A la fin du II siècle ou au début du IV siècle
après J.C., la ville est fortifiée au moyen d'une
enceinte rectangulaire, symbole de la puissance renouvelée d'un
Etat romain autoritaire, plutôt que marque d'une
insécurité liée aux invasions germaniques du II
siècle.
Elle demeure la seule protection de la cité jusqu'au XI
siècle.
Au II
siècle, Vindinum désigne Le Mans.
Au Bas-Empire, la cité recouvre le nom du peuple d'origine :
civitas cenomanorum (cité des Cénomans).
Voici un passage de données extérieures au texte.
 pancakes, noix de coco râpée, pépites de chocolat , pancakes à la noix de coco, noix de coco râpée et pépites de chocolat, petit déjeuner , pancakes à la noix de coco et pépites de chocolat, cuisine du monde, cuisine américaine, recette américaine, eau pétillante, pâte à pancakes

Le toponyme
évolue au VI' siècle, cinomannis, puis celmanes au VII
siècle. Au cours du Moyen Age une césure se produit
donnant cel Mans puis aujourd'hui LE MANS.
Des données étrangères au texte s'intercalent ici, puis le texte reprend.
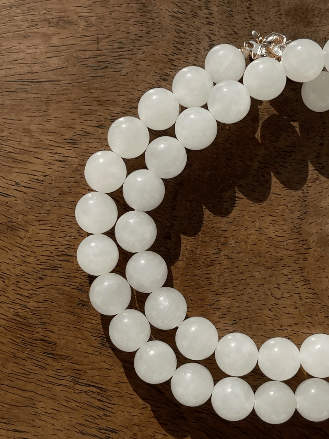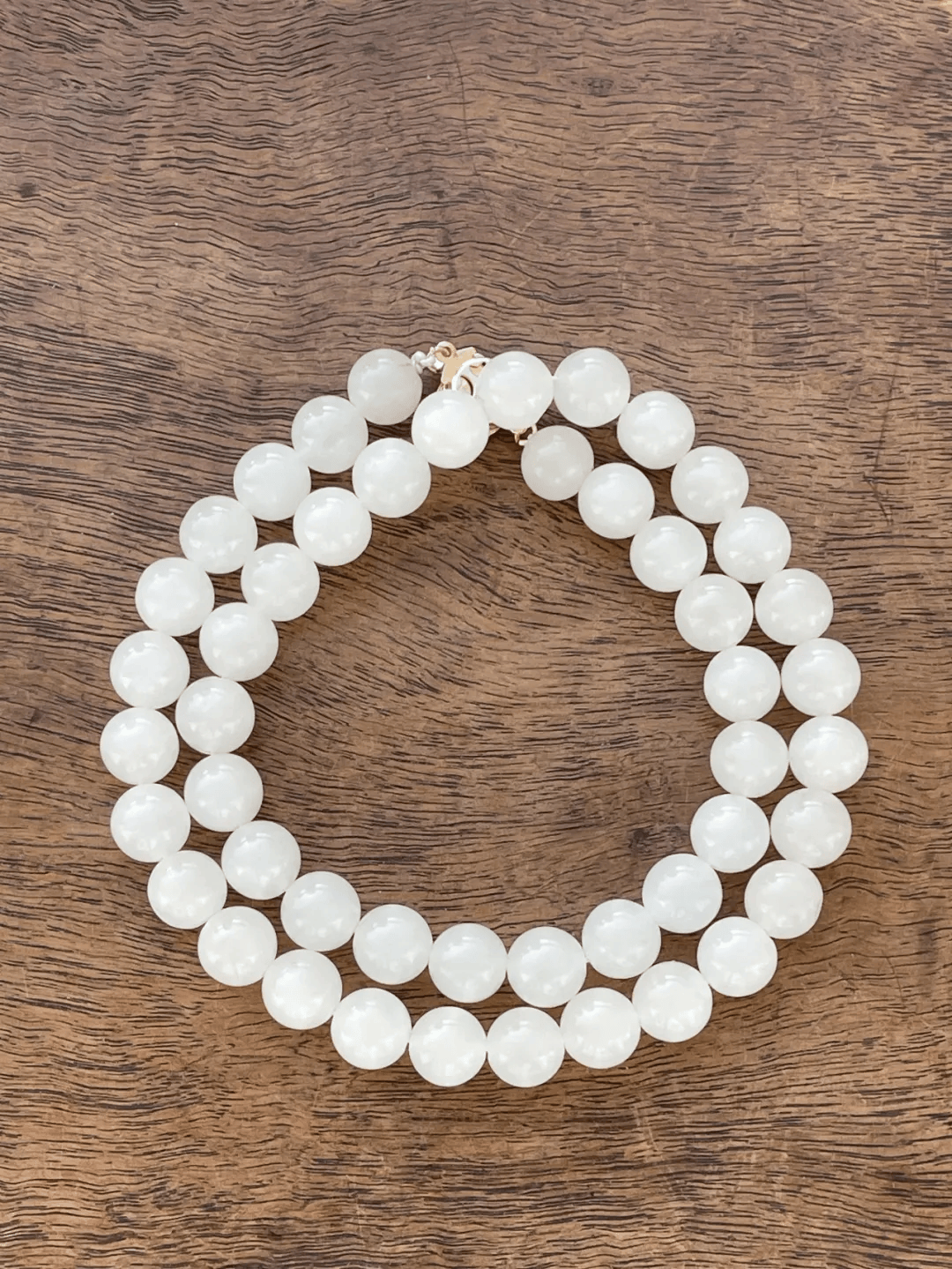 这是一组和田白玉珠共48粒,玉质细腻温润,粒粒皆是玉质水润半通透的纯白无瑕的和田羊脂白玉圆珠,旧时代手工制作与打磨成形,表面光泽细腻不刺眼。
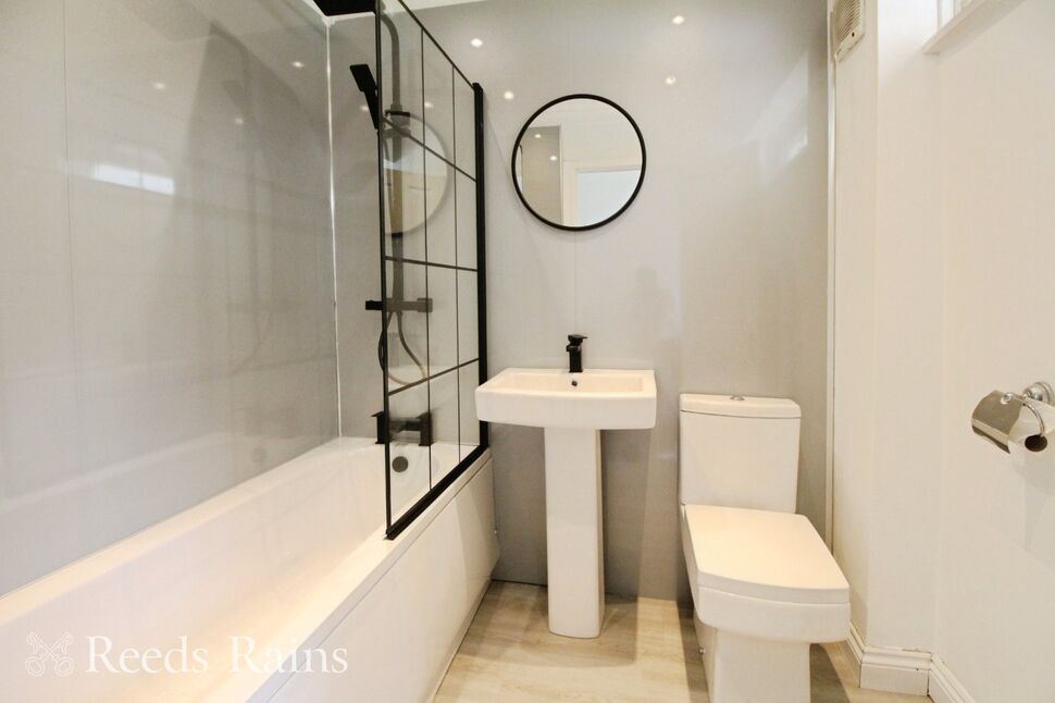 Fitted with a modern suite of WC, wash basin and bath with shower/ side screen. Heated towel rail. Extractor. Laminate flooring. UPVC double glazed window to the front. Inset down lighting.
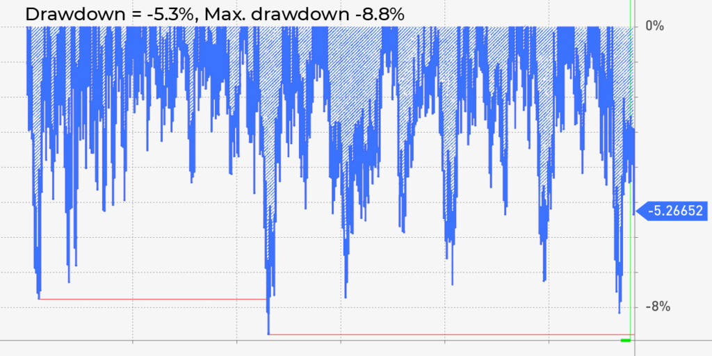 Bu test stratejisinin bitiş sermayesi 2.107.433$’dır. Bu testten çıkarılan sonuç, fiyat hareketi ticaretinin karlılığının yatırımcıların planına ve yöntemin ne kadar dikkatli bir şekilde yürütüldüğüne bağlı olduğudur.
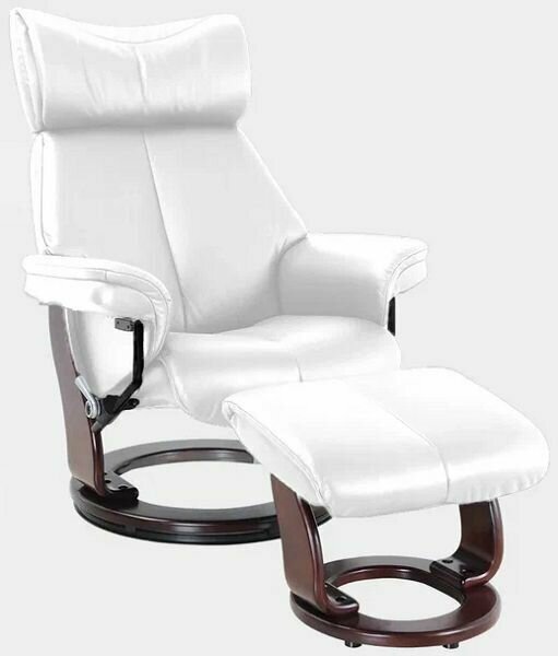 Механический реклайнер из натуральной кожи с пуфом для ног Falto Relax Hana 7753WB, цвет белый
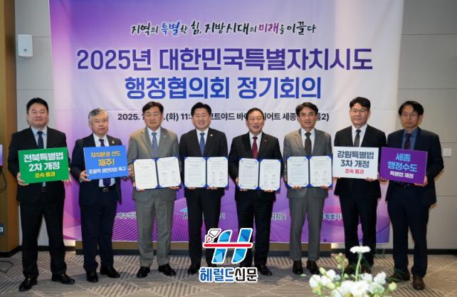 Ưº°ÀÚÄ¡½Ãµµ ÇàÁ¤ÇùÀÇȸ´Â Á¦ÁÖ¡¤¼¼Á¾¡¤°¿ø¡¤ÀüºÏ µî 4°³ Ưº°ÀÚÄ¡½Ãµµ·Î ±¸¼ºµÅ Ưº°ÀÚÄ¡½Ãµµ À§»ó Á¦°í¿Í Áö¹æ½Ã´ë ¼±µµ¸¦ ¸ñÇ¥·Î ÁÖ¿ä Á¤Ã¥ Çö¾È°ú »ó»ý Çù·Â °úÁ¦¸¦ ³íÀÇÇϰí ÀÖ´Ù.
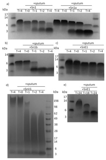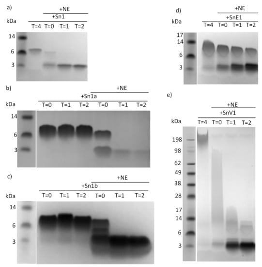 SDS-PAGE gels of peptides incubated with NE. An aliquot of 500 μg/mL of (a) Sn1, (b) Sn1a, (c) Sn1b, (d) SnE1 or (e) SnV1 was incubated with 500 nM of neutrophil elastase for 0–4 h. Samples were electrophoresed and stained with Coomassie stain.
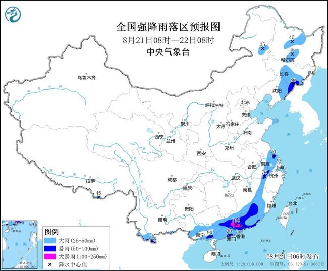 中央气象台8月21日06时发布暴雨蓝色预警:

Pendant le haut Moyen Age, la christianisation s'inscrit dans le
paysage urbain par la construction d'édifices religieux à
l'intérieur comme à l'extérieur des murs.
Intra-muros,
au Nord-Est, le groupe épiscopal comprend une cathédrale,
des oratoires et le palais épiscopal, résidence de
l'évêque. Cet ensemble constitue le chœur du
pôle ecclésiastique. L'évêque Aldric,
fidèle de l'empereur Louis le Pieux, fils de Charlemagne,
entreprend la restauration de la cathédrale.
A proximité et conformément à la règle de
saint Chrodegang, il fait ériger un cloître pour les
chanoines, auxiliaires de l'évêque. Aucune trace ne
subsiste. Dans les siècles suivants, des maisons canoniales sont
édifiées dans le quartier environnant la
cathédrale. Extra-muros, la cité s'entoure d'une
auréole de monastères et d'églises parmi lesquels
Notre-Dame de Gourdaine, fondée au VI' siècle,
Saint-Victeur; les abbayes Saint-Vincent
et Laurent, Saints Pierre et Paul, aujourd'hui la Couture, Notre-Dame
du Pré, Saint-Hilaire, Saint-Pavin-des-Champs, Saint-Ouen,
Sainte-Scholastique, actuellement Saint-Benoît.
Cette
couronne d'édifices religieux et les travaux d'Aldric
témoignent du relatif dynamisme urbain du haut Moyen Age.
D'ailleurs, les différentes fondations s'avèrent
fécondes puisque Saint-Vincent, la Couture et saint- Victeur
cristallisent l’habitat à partir du XI' siècle,
donnant naissance à des bourgs ecclésiastiques,
greffés à la cité gallo-romaine.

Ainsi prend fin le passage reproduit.